Darwin’s theory of natural selection changed the source of creative agency from a Creator who engineered internal mechanisms to the environment that reshaped an organism externally (aka externalism). In the new framework, the environment “instructs” a population on how to expand its variation and use it to craft novel innovations. In the process, it exerts “selection pressures” on an organism to “mold” it as passive clay. Biologists Marc Kirschner and John Gerhard explain (here, here):

He accepted the view that the environment directly instructs the organism how to vary, and he proposed a mechanism for inheriting those changes.

THE PLAUSIBILITY OF LIFE: RESOLVING DARWIN’S DILEMMA, P. 3

The organism was like modeling clay, and remolding of the clay meant that each of the billions of little grains was free to move a little bit in any direction to generate new form. … If an organism needed a wing, an opposable thumb, longer legs, webbed feet, or placental development, any of these would emerge under the proper selective conditions, with time.

THE PLAUSIBILITY OF LIFE: RESOLVING DARWIN’S DILEMMA, P. 31

The central problem with such claims is that the environment is not conscious, as depicted, e.g., in the Disney movie Pocahontas. It cannot select, mold, tinker, instruct, or perform any such actions reserved to intelligent agents. The most astute philosophers of science and biologists have called for the purging of such pseudoscientific thinking from biology. Philosopher Jerry Fodor and cognitive scientist Massimo Piattelli-Palmarini bluntly stated:

Darwin pointed the direction to a thoroughly naturalistic — indeed a thoroughly atheistic — theory of phenotype [trait] formation; but he didn’t see how to get the whole way there. He killed off God, if you like, but Mother Nature and other pseudo-agents [selection] got away scot-free. We think it’s now time to get rid of them too.

JERRY FODOR AND MASSIMO PIATTELLI-PALMARINI, WHAT DARWIN GOD WRONG, P. 163

Many have traced the confusion back to Darwin’s mistaken analogy between artificial breeding and undirected evolution. Geneticist Richard Lewontin commented:

Darwin, quite explicitly, derived this understanding of the motivating force underlying evolution from the actions of plant and animal breeders who consciously choose variant individuals with desirable properties to breed for future generations. “Natural” selection is human selection writ large. But of course, whatever “nature” may be, it is not a sentient creature with a will, and any attempt to understand the actual operation of evolutionary processes must be freed of its metaphorical baggage.

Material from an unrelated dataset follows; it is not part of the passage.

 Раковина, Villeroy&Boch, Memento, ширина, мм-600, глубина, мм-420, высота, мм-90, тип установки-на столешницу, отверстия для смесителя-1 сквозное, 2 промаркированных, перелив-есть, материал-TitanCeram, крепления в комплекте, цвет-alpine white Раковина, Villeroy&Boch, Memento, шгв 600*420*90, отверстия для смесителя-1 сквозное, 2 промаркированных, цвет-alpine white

RICHARD C. LEWONTIN, “NOT SO NATURAL SELECTION,” NEW YORK TIMES BOOK REVIEW

Others have pointed out that evolutionists’ employment of the term “selection pressure” is often equally misleading and intellectually vacuous. Evolutionary biologist Robert Reid stated:

Indeed the language of neo-Darwinism is so careless that the words ‘divine plan’ can be substituted for ‘selection pressure’ in any popular work in the biological literature without the slightest disruption in the logical flow of argument.

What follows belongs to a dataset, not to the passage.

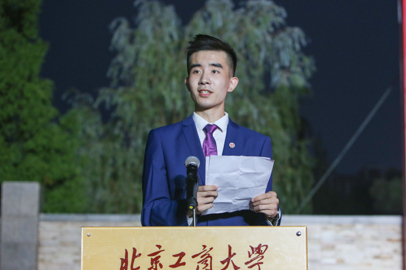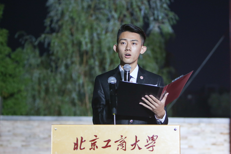 在校生代表校學生會主席商學院會計163班陸聰向新加入北工商大家庭的 2018級全體同學表示歡迎。他通過身邊同學的故事分享了怎樣通過努力完成從高中到大學的轉變的經驗,介紹了學校為學生提供的實現夢想實現個人價值的學術競賽、科技活動、社團協會等良好平臺。他建議學弟學妹們,能夠在紛繁的選擇面前“選你所愛”,不要亂了節奏;在各種誘惑面前“愛你所選”,不要丟了節奏;在遭遇失敗的時候,執著夢想,堅守節奏;在壓力過大的時候,保持冷靜,穩住節奏。在北工商這個舞臺上,堅持為夢想努力,讓大學四年成為一生中最美好、最朝氣、最難忘、最有價值的時光。

ROBERT G. B. REID, BIOLOGICAL EMERGENCES: EVOLUTION BY NATURAL EXPERIMENT, PP. 37-38

To fully comprehend the critique, one simply needs to imagine attempting to craft an evolutionary barometer that measures the selection pressure driving one organism to transform into something different (e.g., fish into an amphibian). The fact that no such instrument could be constructed highlights the fictitious nature of such mystical forces. 

Central Importance of Traits

Any accurate analysis of adaptation must change the focus from the environment to an organism’s traits. The environment simply represents the conditions external to an organism (e.g., chemicals present, available food, local predators). The extent to which organisms flourish or perish in those conditions depends on individuals’ traits such as their ability to degrade toxins or avoid threats. 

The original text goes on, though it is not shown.